=== The problem ===
An exact copy of the entries is required, with every image omitted.

[Source records]
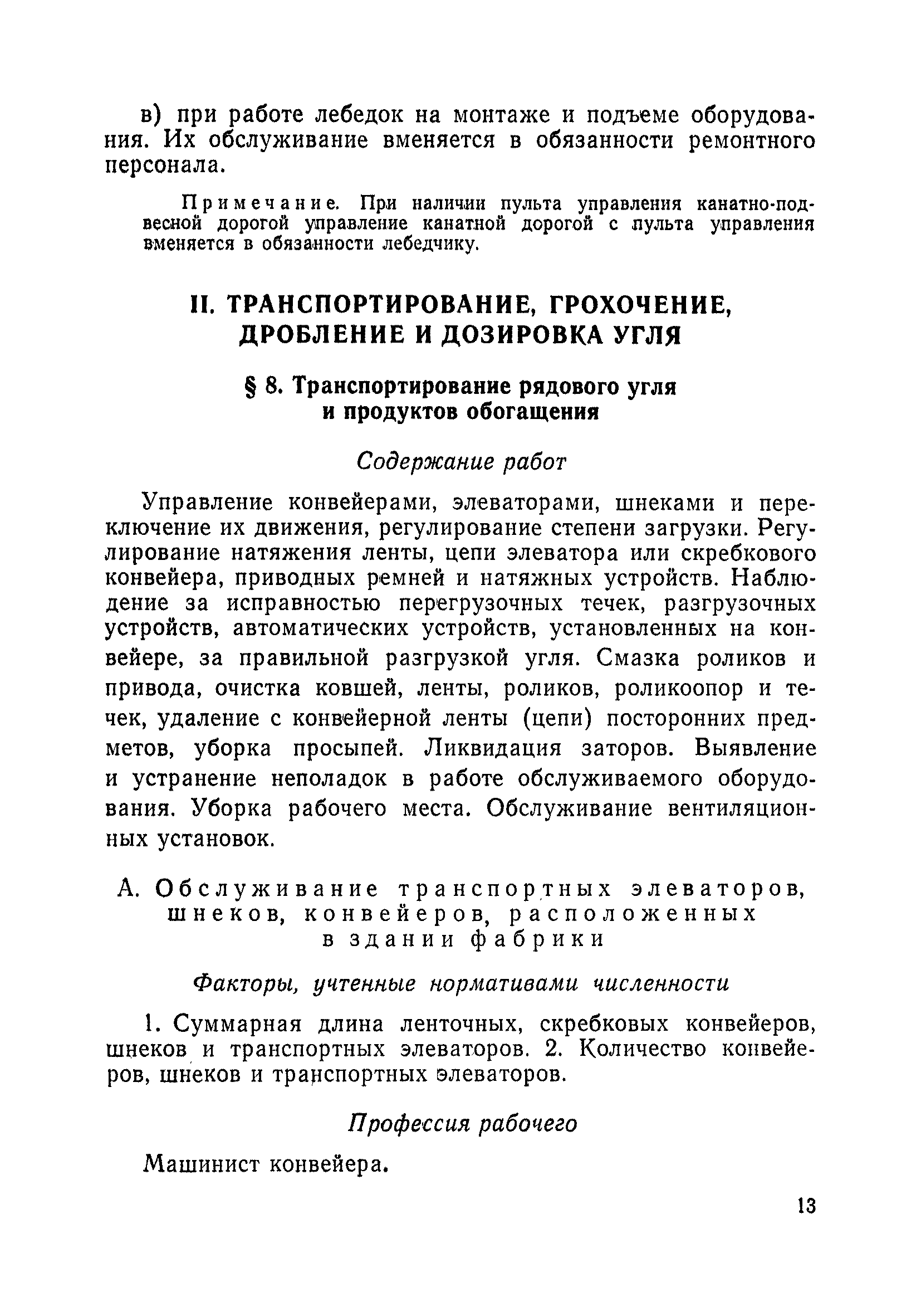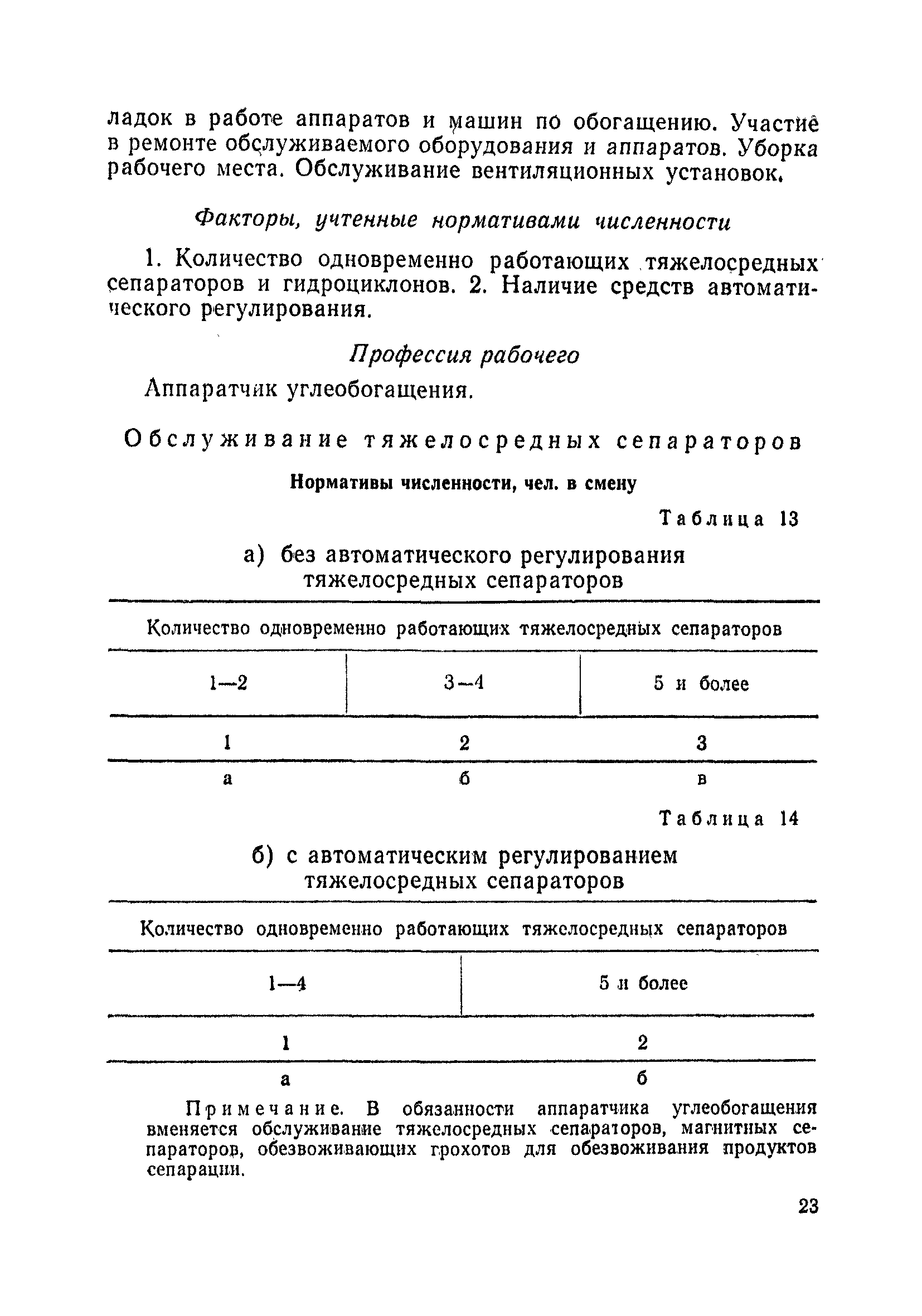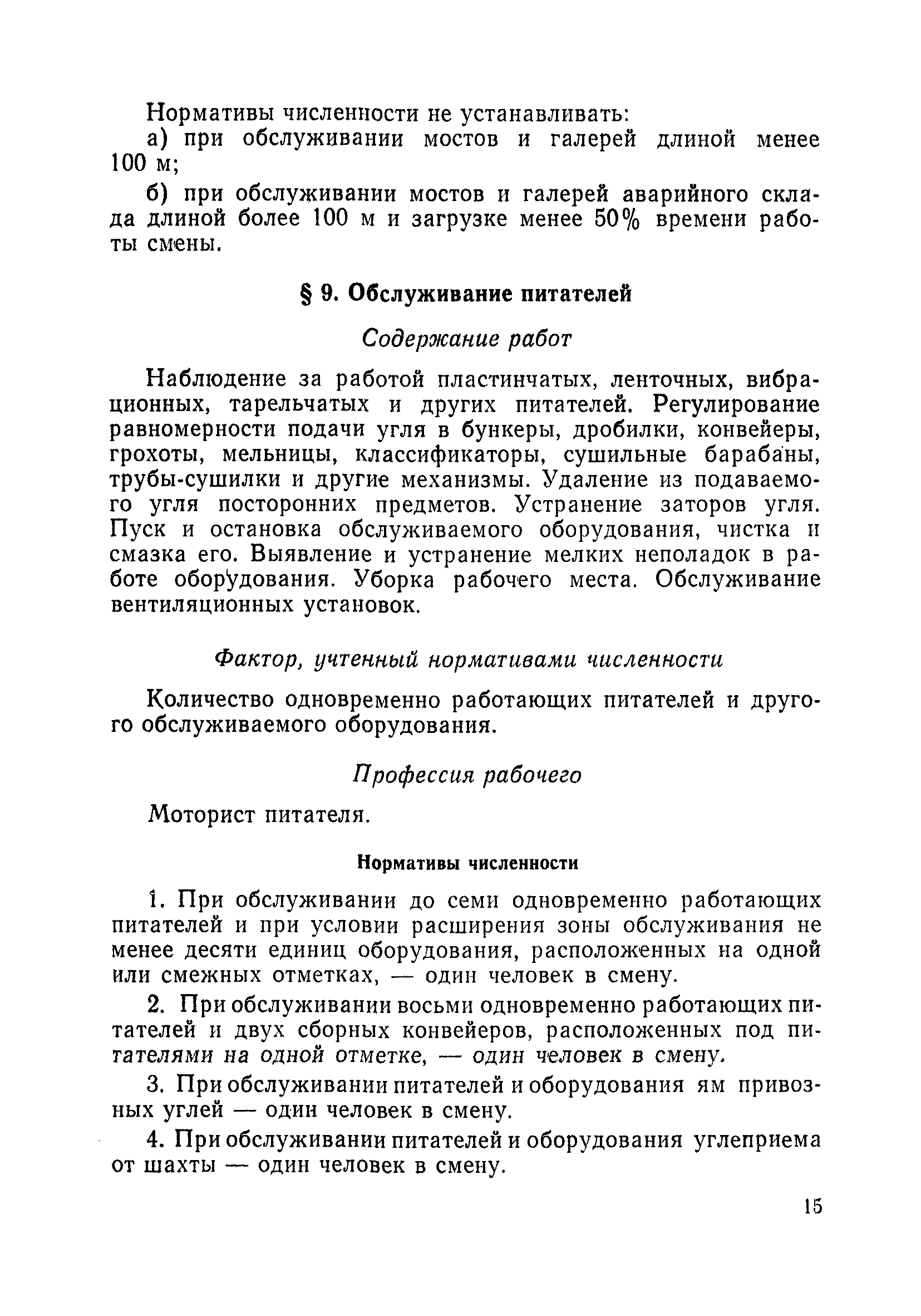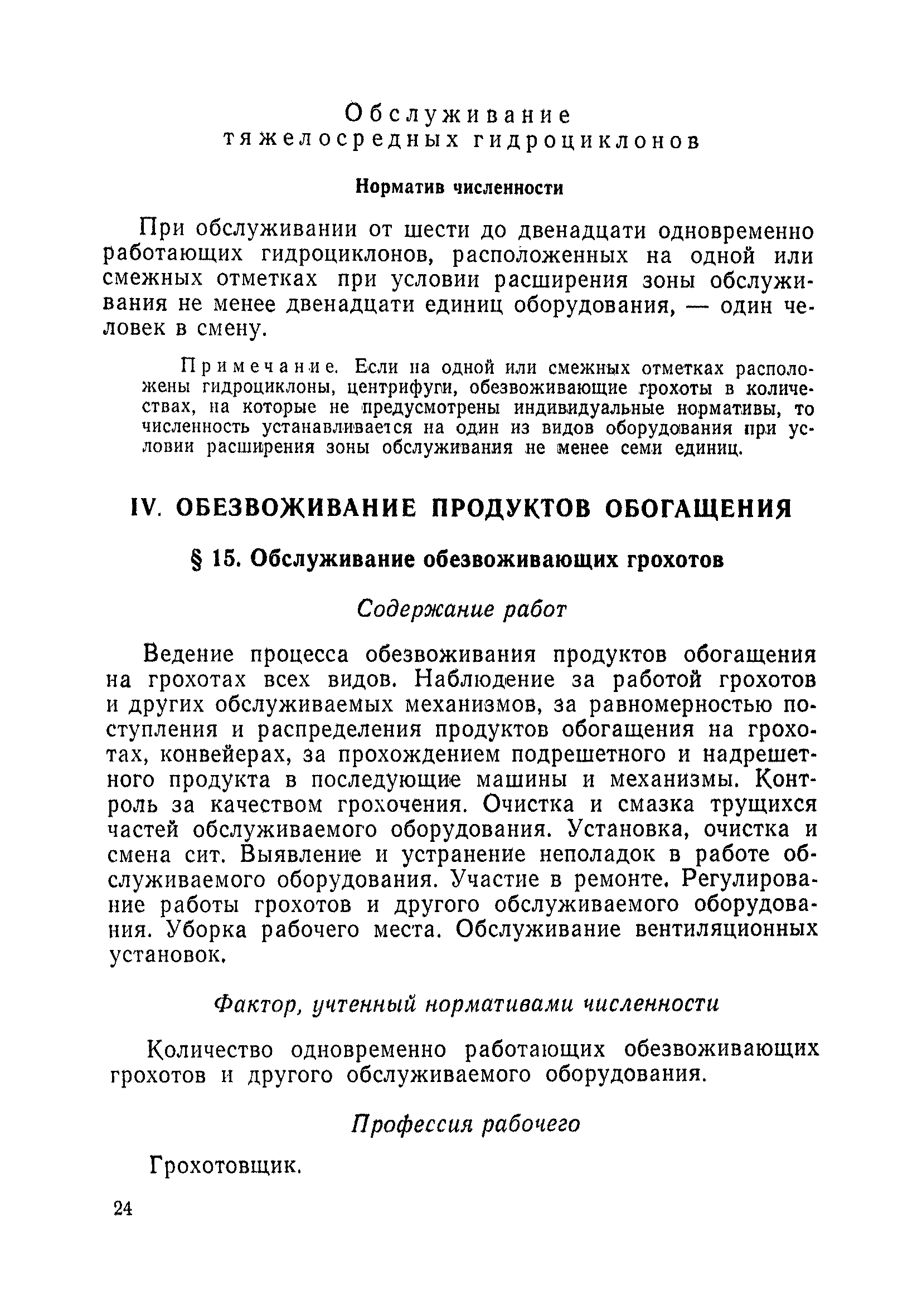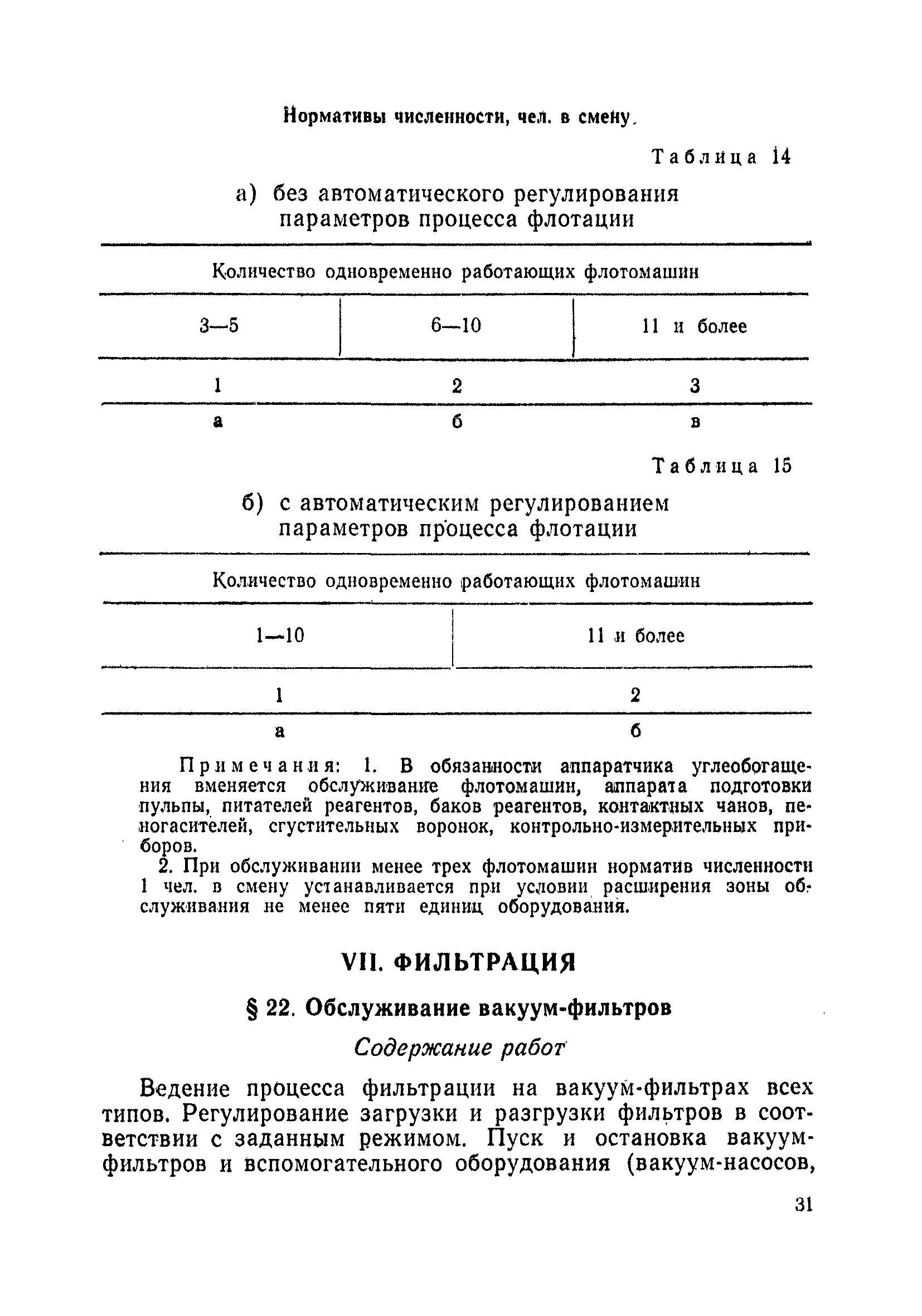 Единые отраслевые нормативы численности рабочих углеобогатительных фабрик, занятых на основных технологических процессах| Статус: | справочные материалы, мп, тпр | | Название рус.: | Единые отраслевые нормативы численности рабочих углеобогатительных фабрик, занятых на основных технологических процессах | | Дата добавления в базу: | 01.01.2019 | | Дата актуализации: | 01.01.2021 | | Область применения: | Документ является обязательным для применения на всех действующих углеобогатительных фабриках Министерства угольной промышленности СССР и предназначены для планирования численности повременно оплачиваемых рабочих и установления доплат рабочим за совмещение профессий, расширение зоны обслуживания или увеличение объема выполняемых работ | | Оглавление: | Общая часть Нормативная часть § 1. Контроль приема рядовых углей § 2. Разгрузка рядового угля § 3. Погрузка продуктов обогащения § 4. Обслуживание вагоноопрокидывателей § 5. Взвешивание рядового угля и продуктов обогащения § 6. Очистка бункеров § 7. Обслуживание лебедок § 8. Транспортирование-рядового угля и продуктов обогащения § 9. Обслуживание питателей § 10. Обслуживание классификационных грохотов § 11. Обслуживание дробилок § 12. Обслуживание дозировочных устройств § 13. Обслуживание отсадочных машин, моечных желобов концентрационных столов, гидроциклонов § 14. Обслуживание сепараторов и гидроциклонов при обогащении в тяжелых средах § 15. Обслуживание обезвоживающих грохотов § 16. Обслуживание центрифуг § 17. Обслуживание сгустителей § 18. Обслуживание насосных установок § 19. Обслуживание наружных шламовых отстойников § 20. Обслуживание крана § 21. Обслуживание флотомашин § 22. Обслуживание вакуум-фильтров. § 23. Обслуживание сушильных установок § 24. Управление технологическим процессом обогатительной фабрики § 25. Выборка породы (полезного ископаемого) Приложение 1. Методические указания по определению коэффициентов списочного состава Приложение 2. Перечень машин, механизмов, установок и других объектов, принимаемых за единицу оборудования при расчете зоны обслуживания для установления нормативов численности рабочих | | Разработан: | ЦНИС по труду МУП СССР
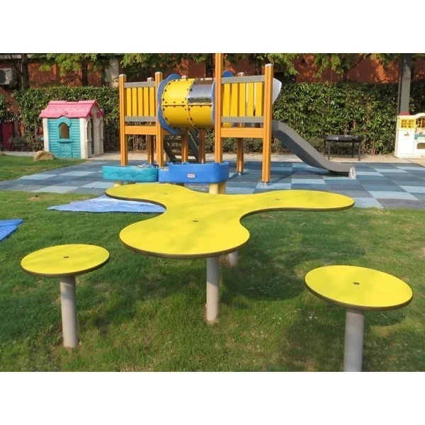 Elle permet de compléter une aire de jeux ou une cour de récréation, en installant un espace repos adapté à la morphologie des enfants.
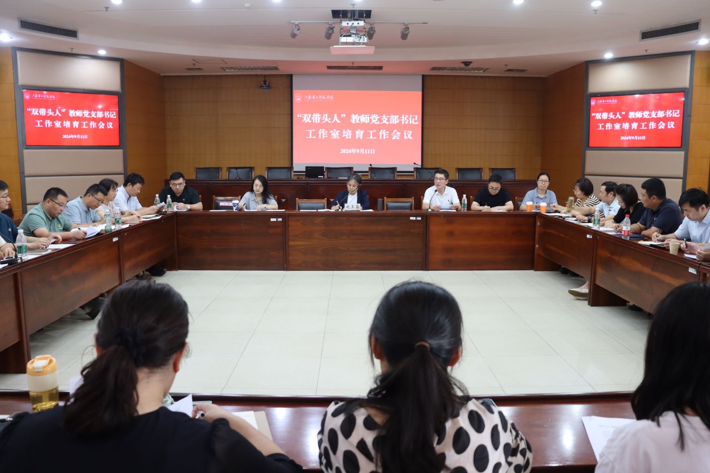 9月11日下午,“双带头人”教师党支部书记工作室培育工作会议在草场门校区教科研楼511会议室举行。校党委常委、副校长赵玉蓉出席会议并讲话。二级学院党总支书记、教师党支部书记、基层党组织委员,相关职能部门负责人参加会议。会议由党委常委、组织部部长杨思贤主持。
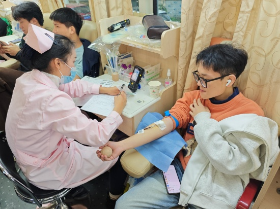 在启动仪式结束后,带队老师按预先分组引导学生有序前往信息登记、健康体检、采血区、个休憩补给区四个点位完成献血。现场涌动着互助友爱的暖流。我院既有文鸿浩这样每年义务献血的“爱心老将”,以持续的奉献诠释责任担当;也有赵宇熙、朱旭亮这样首次献血的“青春新人”,以勇敢的尝试传递公益初心。大家纷纷表示,能以自身热血为生命续航,为社会分忧,是一份无比珍贵的体验。
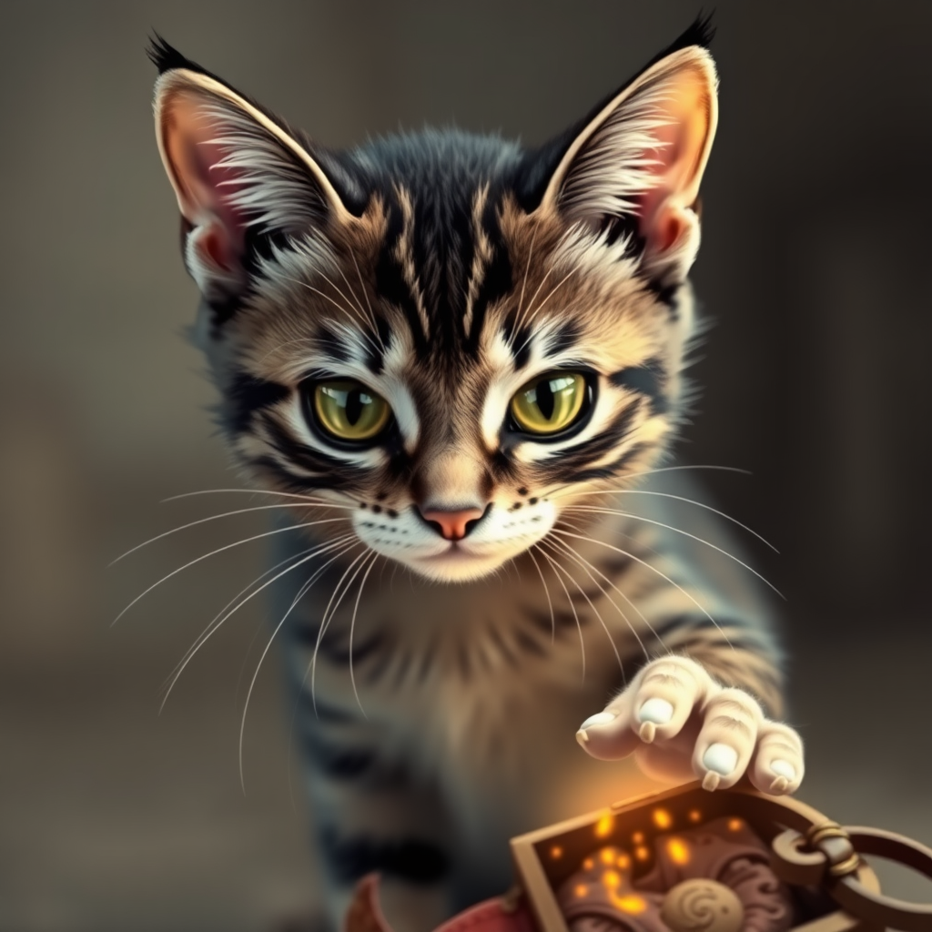 A clever and mischievous feline with knowing eyes and a sleek coat, poised as if ready to pounce on a hidden treasure, exuding an air of playful mystery and cunning intelligence.
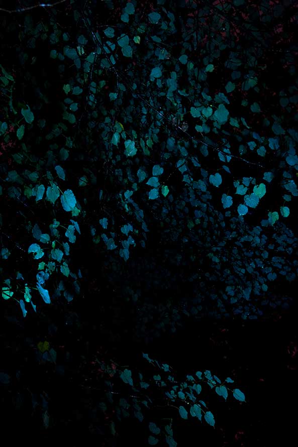 Während die Serie der Überstrahlungen kameralos im Labor entstehen, umfasst die Werkgruppe mit dem Titel Nachtgestalten Kameraaufnahmen. Angelehnt an die Dunkelheit im Fotolabor, begibt sich Maria Jauregui zum Fotografieren in die Nacht. In der freien Natur werden die Motive ausschließlich mit einer Taschenlampe angestrahlt. In den Aufnahmen dominiert die Dunkelheit, doch es werden Verästelungen sichtbar, man sieht das Grün, Braun oder Gelb der Natur, man erkennt Erdiges, Grasiges, bläuliche oder violette Lichtreflexe. Diese flüchtigen Wesen der Nacht sind kaum zu erfassen: Grashalme erinnern an Glühwürmchen oder tanzende Elfen, Blätter an erstarrte Fledermäuse oder Waldgeister. Die Bilder entwickeln ein geheimnisvolles Eigenleben – im Betrachter selbst.«

=== Task output ===
 Единые отраслевые нормативы численности рабочих углеобогатительных фабрик, занятых на основных технологических процессах| Статус: | справочные материалы, мп, тпр | | Название рус.: | Единые отраслевые нормативы численности рабочих углеобогатительных фабрик, занятых на основных технологических процессах | | Дата добавления в базу: | 01.01.2019 | | Дата актуализации: | 01.01.2021 | | Область применения: | Документ является обязательным для применения на всех действующих углеобогатительных фабриках Министерства угольной промышленности СССР и предназначены для планирования численности повременно оплачиваемых рабочих и установления доплат рабочим за совмещение профессий, расширение зоны обслуживания или увеличение объема выполняемых работ | | Оглавление: | Общая часть Нормативная часть § 1. Контроль приема рядовых углей § 2. Разгрузка рядового угля § 3. Погрузка продуктов обогащения § 4. Обслуживание вагоноопрокидывателей § 5. Взвешивание рядового угля и продуктов обогащения § 6. Очистка бункеров § 7. Обслуживание лебедок § 8. Транспортирование-рядового угля и продуктов обогащения § 9. Обслуживание питателей § 10. Обслуживание классификационных грохотов § 11. Обслуживание дробилок § 12. Обслуживание дозировочных устройств § 13. Обслуживание отсадочных машин, моечных желобов концентрационных столов, гидроциклонов § 14. Обслуживание сепараторов и гидроциклонов при обогащении в тяжелых средах § 15. Обслуживание обезвоживающих грохотов § 16. Обслуживание центрифуг § 17. Обслуживание сгустителей § 18. Обслуживание насосных установок § 19. Обслуживание наружных шламовых отстойников § 20. Обслуживание крана § 21. Обслуживание флотомашин § 22. Обслуживание вакуум-фильтров. § 23. Обслуживание сушильных установок § 24. Управление технологическим процессом обогатительной фабрики § 25. Выборка породы (полезного ископаемого) Приложение 1. Методические указания по определению коэффициентов списочного состава Приложение 2. Перечень машин, механизмов, установок и других объектов, принимаемых за единицу оборудования при расчете зоны обслуживания для установления нормативов численности рабочих | | Разработан: | ЦНИС по труду МУП СССР
 Elle permet de compléter une aire de jeux ou une cour de récréation, en installant un espace repos adapté à la morphologie des enfants.
 9月11日下午,“双带头人”教师党支部书记工作室培育工作会议在草场门校区教科研楼511会议室举行。校党委常委、副校长赵玉蓉出席会议并讲话。二级学院党总支书记、教师党支部书记、基层党组织委员,相关职能部门负责人参加会议。会议由党委常委、组织部部长杨思贤主持。
 在启动仪式结束后,带队老师按预先分组引导学生有序前往信息登记、健康体检、采血区、个休憩补给区四个点位完成献血。现场涌动着互助友爱的暖流。我院既有文鸿浩这样每年义务献血的“爱心老将”,以持续的奉献诠释责任担当;也有赵宇熙、朱旭亮这样首次献血的“青春新人”,以勇敢的尝试传递公益初心。大家纷纷表示,能以自身热血为生命续航,为社会分忧,是一份无比珍贵的体验。
 A clever and mischievous feline with knowing eyes and a sleek coat, poised as if ready to pounce on a hidden treasure, exuding an air of playful mystery and cunning intelligence.
 Während die Serie der Überstrahlungen kameralos im Labor entstehen, umfasst die Werkgruppe mit dem Titel Nachtgestalten Kameraaufnahmen. Angelehnt an die Dunkelheit im Fotolabor, begibt sich Maria Jauregui zum Fotografieren in die Nacht. In der freien Natur werden die Motive ausschließlich mit einer Taschenlampe angestrahlt. In den Aufnahmen dominiert die Dunkelheit, doch es werden Verästelungen sichtbar, man sieht das Grün, Braun oder Gelb der Natur, man erkennt Erdiges, Grasiges, bläuliche oder violette Lichtreflexe. Diese flüchtigen Wesen der Nacht sind kaum zu erfassen: Grashalme erinnern an Glühwürmchen oder tanzende Elfen, Blätter an erstarrte Fledermäuse oder Waldgeister. Die Bilder entwickeln ein geheimnisvolles Eigenleben – im Betrachter selbst.«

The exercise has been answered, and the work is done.